Furthermore, the presentation unit 50 may refer to the history table 34 to select the response to be output, on the basis of the action of the user in the past. Specifically, the presentation unit 50 outputs, to the user, one response selected from the responses generated for the input information by the plurality of agents 10, on the basis of a history indicating responses generated by the plurality of agents 10, selected by the user in the past.


For example, when the response is output to the user who asks a question about certain information, the response processing device 100 might have a reaction such as “Tell me other information”, from the user. In this case, the response processing device 100 determines that information having been output is not information that the user desires. Meanwhile, when information output next is accepted by the user, the response processing device 100 determines that the information is the information that the user desires.


In this case, when the response processing device 100 is asked a similar question by the user next, the response processing device 100 may preferentially select an agent 10 capable of generating the response desired by the user. Furthermore, for example, when the user tends to desire an output from a certain agent 10 (when specification of a specific agent 10 as the output destination by the user is statistically frequent, etc.), the response processing device 100 may control the response to be preferentially output from the agent 10. In this way, the response processing device 100 performs learning on the basis of a history of the user's instructions or operations, and thus, the response processing that further meets the user's request can be performed. Furthermore, the user can thereby cause the response processing device 100 to output the response desired by the user without giving an instruction.

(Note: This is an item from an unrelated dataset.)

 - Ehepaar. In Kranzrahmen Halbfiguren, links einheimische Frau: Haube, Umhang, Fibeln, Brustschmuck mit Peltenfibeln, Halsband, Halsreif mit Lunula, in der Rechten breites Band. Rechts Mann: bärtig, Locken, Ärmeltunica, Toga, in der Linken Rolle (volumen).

Furthermore, the presentation unit 50 may determine whether each of the plurality of agents 10 can generate the response to the input information to select an agent 10 that is not an agent 10 determined not to generate the response to the input information, as an agent 10 that generates the response corresponding to the input information. In other words, the presentation unit 50 may refer to the agent table 32 to select an agent 10 that is expected to be able to generate the response. This makes it possible for the presentation unit 50 to reduce the effort to randomly transmit the request to all the agents 10.

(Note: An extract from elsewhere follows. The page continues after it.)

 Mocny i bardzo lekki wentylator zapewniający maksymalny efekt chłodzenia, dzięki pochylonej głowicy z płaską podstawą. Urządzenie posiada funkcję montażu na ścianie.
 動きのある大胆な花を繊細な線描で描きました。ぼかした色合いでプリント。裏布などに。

Note that the analysis unit 51 described above performs processing for understanding of the meaning of the information acquired by the reception unit 40. Specifically, the analysis unit 51 performs the processing of automatic voice recognition (ASR) or natural language understanding (NLU) on the voice information and the like by the reception unit 40. For example, the analysis unit 51 divides the acquired voice into morphemes through the ASR or NLU, and determines whether each morpheme is an element that has what kind of intent or attribute.

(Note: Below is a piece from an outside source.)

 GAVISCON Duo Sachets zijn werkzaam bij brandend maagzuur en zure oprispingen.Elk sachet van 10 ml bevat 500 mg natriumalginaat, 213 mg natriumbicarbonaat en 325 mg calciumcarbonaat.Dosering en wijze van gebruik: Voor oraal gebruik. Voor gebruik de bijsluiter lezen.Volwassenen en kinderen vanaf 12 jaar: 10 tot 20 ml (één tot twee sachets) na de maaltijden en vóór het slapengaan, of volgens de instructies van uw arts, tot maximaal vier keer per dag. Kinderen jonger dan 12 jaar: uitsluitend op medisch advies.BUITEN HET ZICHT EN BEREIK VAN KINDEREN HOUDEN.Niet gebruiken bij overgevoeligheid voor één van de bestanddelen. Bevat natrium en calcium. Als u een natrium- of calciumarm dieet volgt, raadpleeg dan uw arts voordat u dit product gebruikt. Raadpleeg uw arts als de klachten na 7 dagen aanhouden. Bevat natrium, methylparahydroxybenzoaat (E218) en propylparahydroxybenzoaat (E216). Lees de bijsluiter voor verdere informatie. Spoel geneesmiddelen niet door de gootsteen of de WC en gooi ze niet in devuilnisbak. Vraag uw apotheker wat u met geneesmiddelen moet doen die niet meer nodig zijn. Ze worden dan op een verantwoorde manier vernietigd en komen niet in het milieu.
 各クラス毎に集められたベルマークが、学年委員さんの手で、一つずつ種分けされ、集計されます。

When the intention of the user cannot be understood as a result of analysis of the input information, the analysis unit 51 may transmit that the intention of the user cannot be understood to the output control unit 53. For example, when the user's speech contains information that cannot be understood, as the result of the analysis, the analysis unit 51 transmits the content of the information to the output control unit 53. In this case, the output control unit 53 may generate the response that requests the user to speak accurately again for the information that cannot be understood.


The transmission unit 54 transmits various information. For example, the transmission unit 54 transmits the user's reaction (feedback) to the response presented by the presentation unit 50, to the plurality of agents 10.


Specifically, the transmission unit 54 transmits, as the user's reaction, information about a response selected by the user from the presented responses, to the plurality of agents 10.


For example, the transmission unit 54 transmits, as the information about the response selected by the user, the content of the response selected by the user, the identification information of the agent 10 that has generated the response selected by the user, or the like, to the plurality of agents 10.


Furthermore, the transmission unit 54 may transmit, as the user's reaction, information indicating that none of the presented responses has been selected by the user, to the plurality of agents 10.


Furthermore, the transmission unit 54 may transmit the contents of the responses to the plurality of agents 10 together with information indicating that none of the presented responses has been selected by the user. This makes it possible for the transmission unit 54 to transmit the content of the response selected by the user or the content of the response not selected by the user, to the respective agents 10, enabling efficient learning of the agents 10.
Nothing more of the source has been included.